» DATASET CONTENT
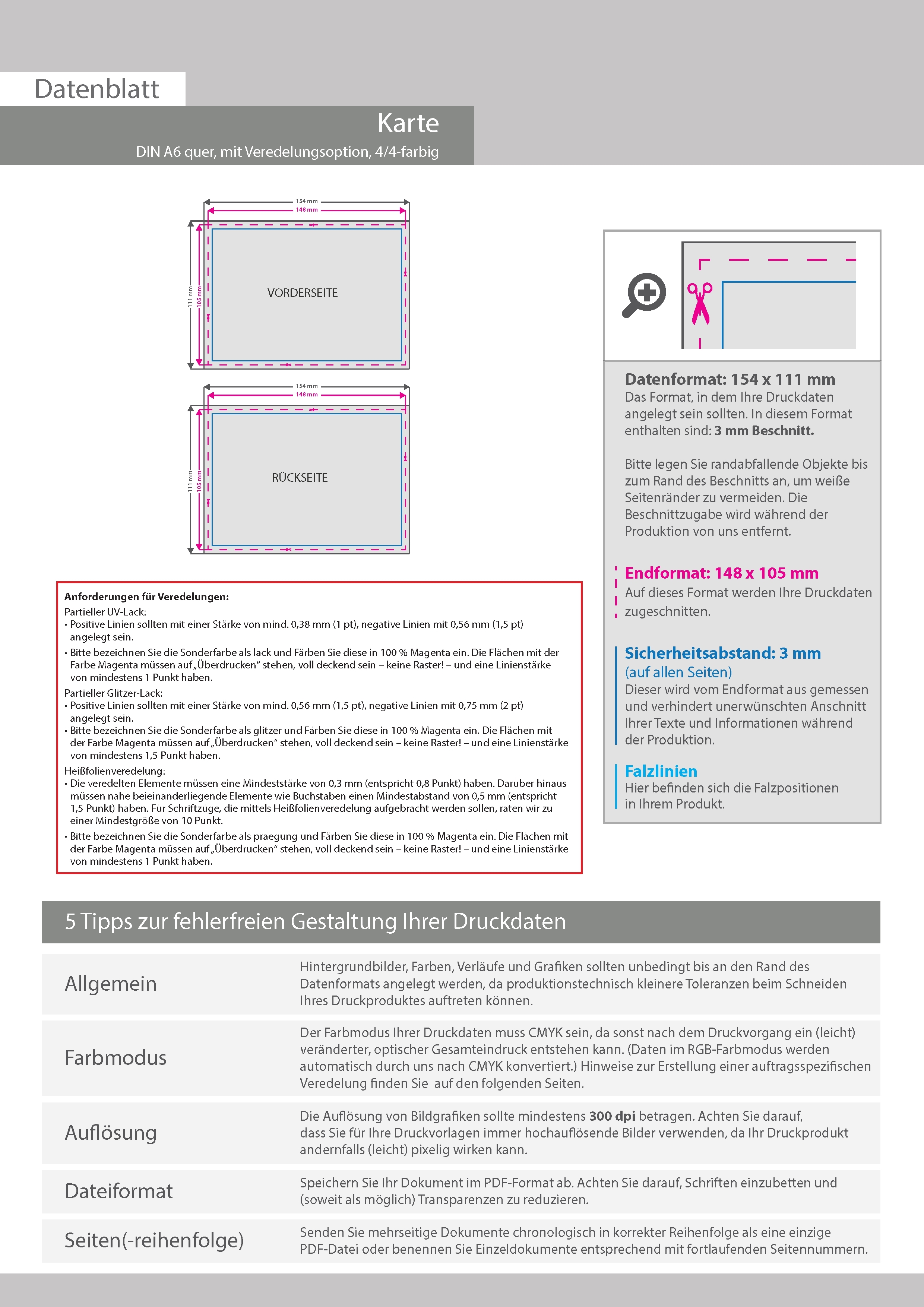 Postkarte, DIN A6 quer (14,8 x 10,5 cm), mit allen Veredelungskombinationen
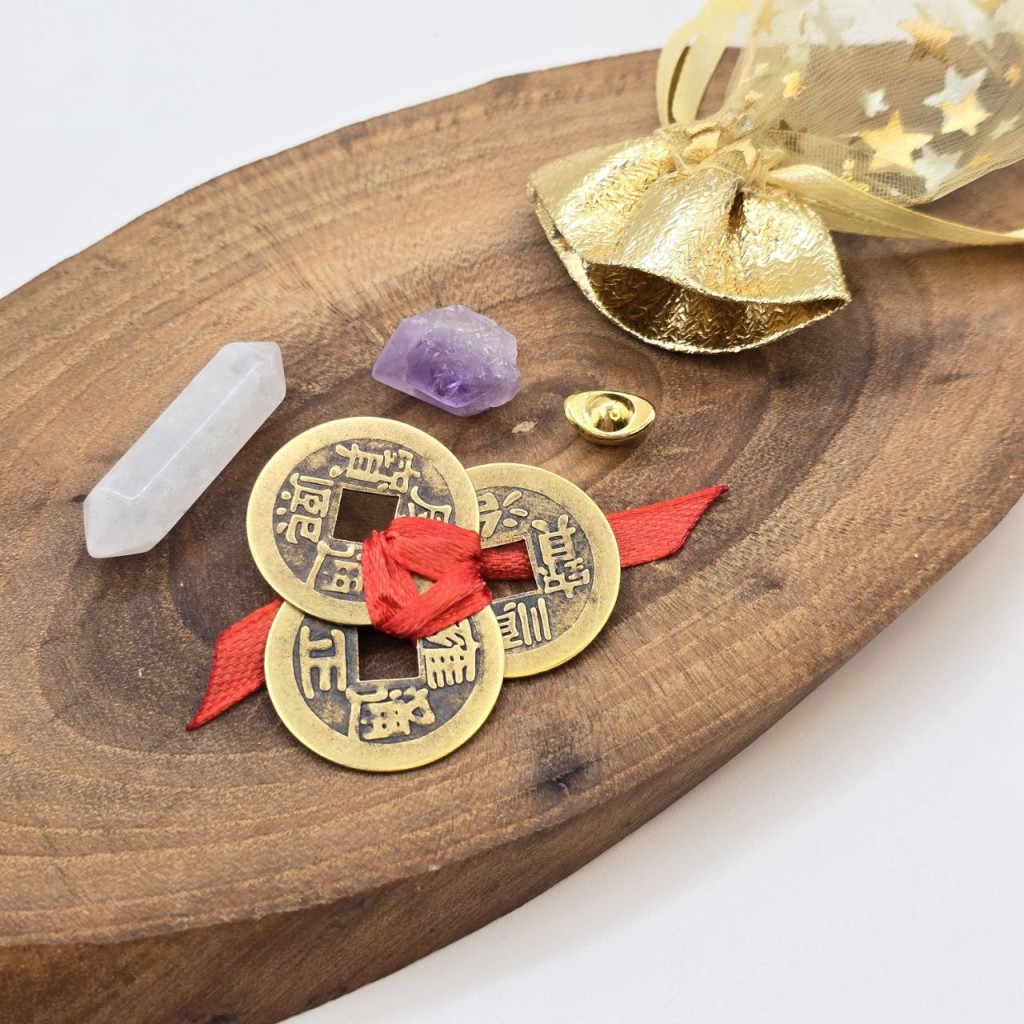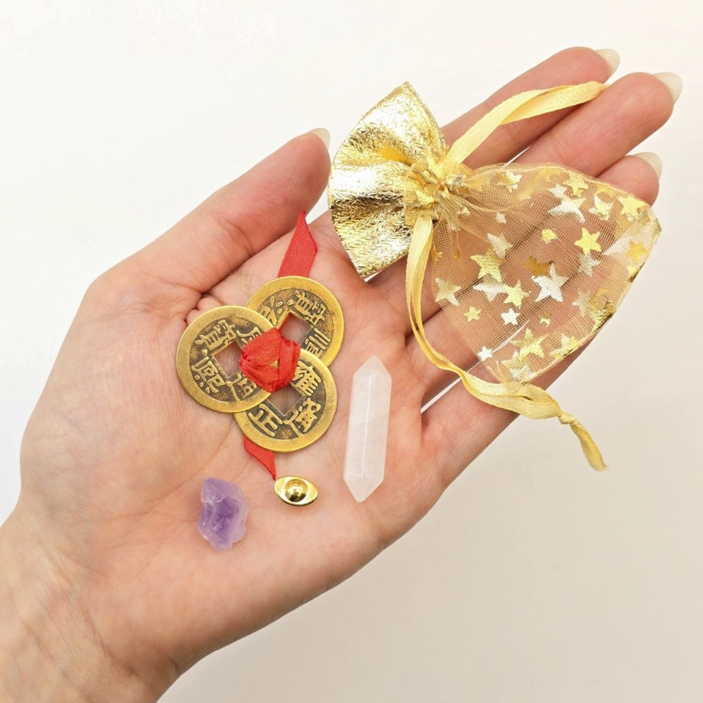 شامل سه سکه فنگشویی با گره قرمز - یک عدد امیتیست راف- یک عدد سنگ کوارتز منشوری-یک عدد کشکول ثروت ریز برنجی و کیسه طلایی برای حمل آسان همراه خود
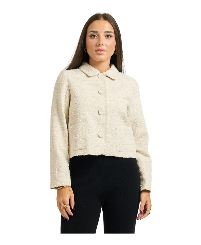 Куртка Iblues CALAMAI - это эффектная вещь, выполненная из жаккардовой ткани с ламе, имеющая свободный силуэт и рубашечный воротник. Она сочетает в себе детали классического кроя с едва заметной металлизированной текстурой для элегантных дневных образов. Ключевые особенности: Бежевый | Слоновая кость | Жаккардовая ткань с ламе | Застежка на пуговицы | Накладные передние карманы | Свободный силуэт | Рубашечный воротник | Длинные рукава | Накладные карманы | Жаккардовая ткань с ламе | Пуговицы, обтянутые тканью | Размеры и посадка: Рост модели 1,65 м; размер 40 IT | Стандартный крой | Состав и уход: Ткань: 35% хлопок, 31% полиэстер, 17% акрил, 10% полиамид, 4% шерсть, 2% другие волокна, 1% металлизированное волокно | Подкладка: 64% ацетат, 36% полиэстер | Не стирать; не отбеливать; не сушить в сушильной машине; гладить при температуре не выше 120°C; профессиональная химчистка с перхлорэтиленом (щадящий режим); Не подвергать влажной чистке.
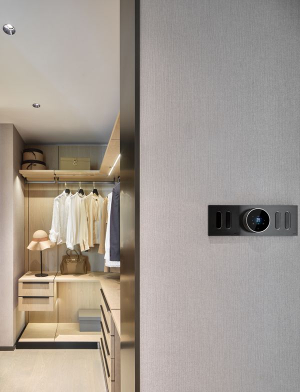 Simon S20系列温控器则采用旋转+感应式交互体验,靠近时,屏幕自动点亮。支持集中控制空调、地暖、新风三大系统,手指滑动即可轻松切换模式。同时,旋转旋钮即可调节室内温度,操作简单,直观清晰。随心掌控居家环境,让用户于叠水庭院间开启万物互联的崭新体验,尽享美好生活格调!

» PROBLEM
Pictures stay out of the copy; print the material above exactly.

» OUTPUT
 Postkarte, DIN A6 quer (14,8 x 10,5 cm), mit allen Veredelungskombinationen
 شامل سه سکه فنگشویی با گره قرمز - یک عدد امیتیست راف- یک عدد سنگ کوارتز منشوری-یک عدد کشکول ثروت ریز برنجی و کیسه طلایی برای حمل آسان همراه خود
 Куртка Iblues CALAMAI - это эффектная вещь, выполненная из жаккардовой ткани с ламе, имеющая свободный силуэт и рубашечный воротник. Она сочетает в себе детали классического кроя с едва заметной металлизированной текстурой для элегантных дневных образов. Ключевые особенности: Бежевый | Слоновая кость | Жаккардовая ткань с ламе | Застежка на пуговицы | Накладные передние карманы | Свободный силуэт | Рубашечный воротник | Длинные рукава | Накладные карманы | Жаккардовая ткань с ламе | Пуговицы, обтянутые тканью | Размеры и посадка: Рост модели 1,65 м; размер 40 IT | Стандартный крой | Состав и уход: Ткань: 35% хлопок, 31% полиэстер, 17% акрил, 10% полиамид, 4% шерсть, 2% другие волокна, 1% металлизированное волокно | Подкладка: 64% ацетат, 36% полиэстер | Не стирать; не отбеливать; не сушить в сушильной машине; гладить при температуре не выше 120°C; профессиональная химчистка с перхлорэтиленом (щадящий режим); Не подвергать влажной чистке.
 Simon S20系列温控器则采用旋转+感应式交互体验,靠近时,屏幕自动点亮。支持集中控制空调、地暖、新风三大系统,手指滑动即可轻松切换模式。同时,旋转旋钮即可调节室内温度,操作简单,直观清晰。随心掌控居家环境,让用户于叠水庭院间开启万物互联的崭新体验,尽享美好生活格调!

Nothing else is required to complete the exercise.